As I tweaked the parameters on the escarpment and ran Cindy through another simulated AR crowd, Chan’s avatar appeared. “These things you’re filing aren’t blockers for opening,” she said.

Despite having worked with Chan for a month now, her interruptions still flustered me. “I understand that, but Xi’s team don’t understand how triggers are meant to—”

“Fine. Harden the barrier around Xi for now. You need to start testing the other artists.” Her avatar blinked away before I could even nod. When we couldn’t figure out how to smoothly move audiences from one area to another, we’d resorted to creating virtual barriers around artists. It was a hack that eliminated agency, but it was better than having no art at all. When the barriers were turned on, we’d give people a tasteful but unmistakable AR icon to move on every few minutes rather than expecting them to follow a confusing AR butterfly from Angela Cheng’s play.

I pulled Cindy up from the floor and led her to Anna Hui’s area. I hadn’t spotted her at our team meetings, but her short festival bio said she’d performed in the Hong Kong Ballet for a few years, after which she started her own private artistic practice. Cindy slipped on her glasses, joining me back in the marquee’s AR testing layer. Two motionless wireframe humans appeared next to the two of us.

“Is this it?” said Cindy.

I swiped through the testing interface to see if I’d missed a startup command. “It’s meant to launch automatically. I guess Anna forgot to set that flag,” I said.

“Look!” Cindy pointed at the wireframe next to me, which was mimicking my swipes. Her own wireframe raised its arm toward me a second later.

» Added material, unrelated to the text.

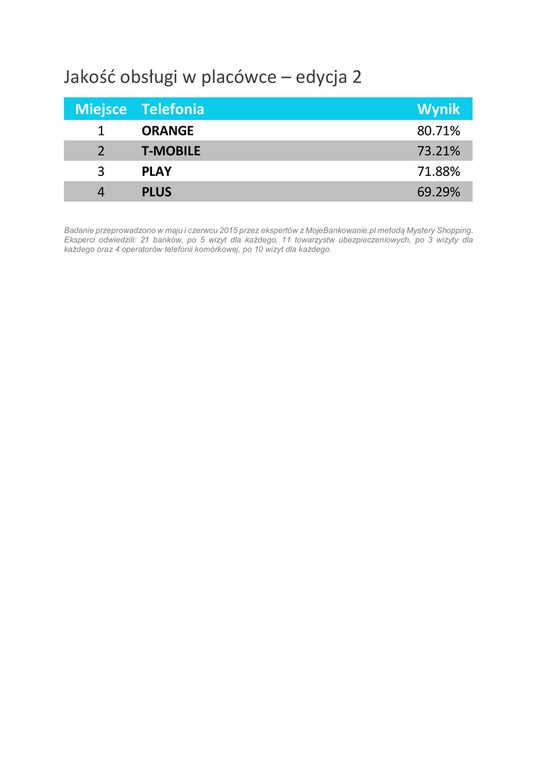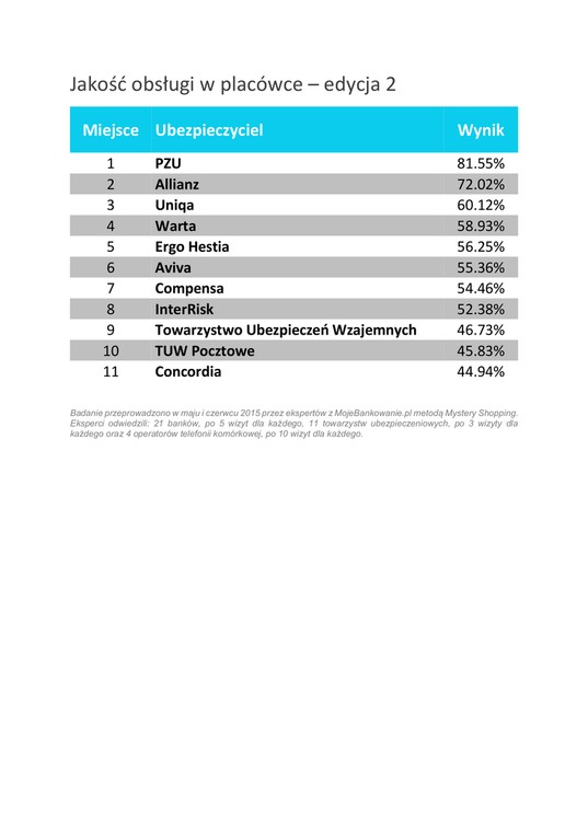 Na przełomie maja i czerwca eksperci z portalu MojeBankowanie.pl po raz drugi zbadali jakość obsługi w placówkach i punktach obsługi 11 firm ubezpieczeniowych, 21 banków i 4 operatorów telefonii komórkowej.

We waved our arms and shuffled about, watching the wireframes as they followed us. They weren’t echoing our movements perfectly—that would be boring, I realised. I started walking around, trying to figure out the trick. My wireframe kept up, drifting ever closer until it settled over me like a second skin.

As I paused, the wireframe subtly pulled from me, its mesh drifting a few centimeters away from my right side. I unconsciously followed it, not precisely—I wasn’t a dancer—and caught myself. Did I really want to be a puppet? I stopped, and it stopped with me. I slowly pivoted on my left foot, an inelegant turn, and the mesh came with me, but in a cleaner swoop with a graceful follow-through. I was in control.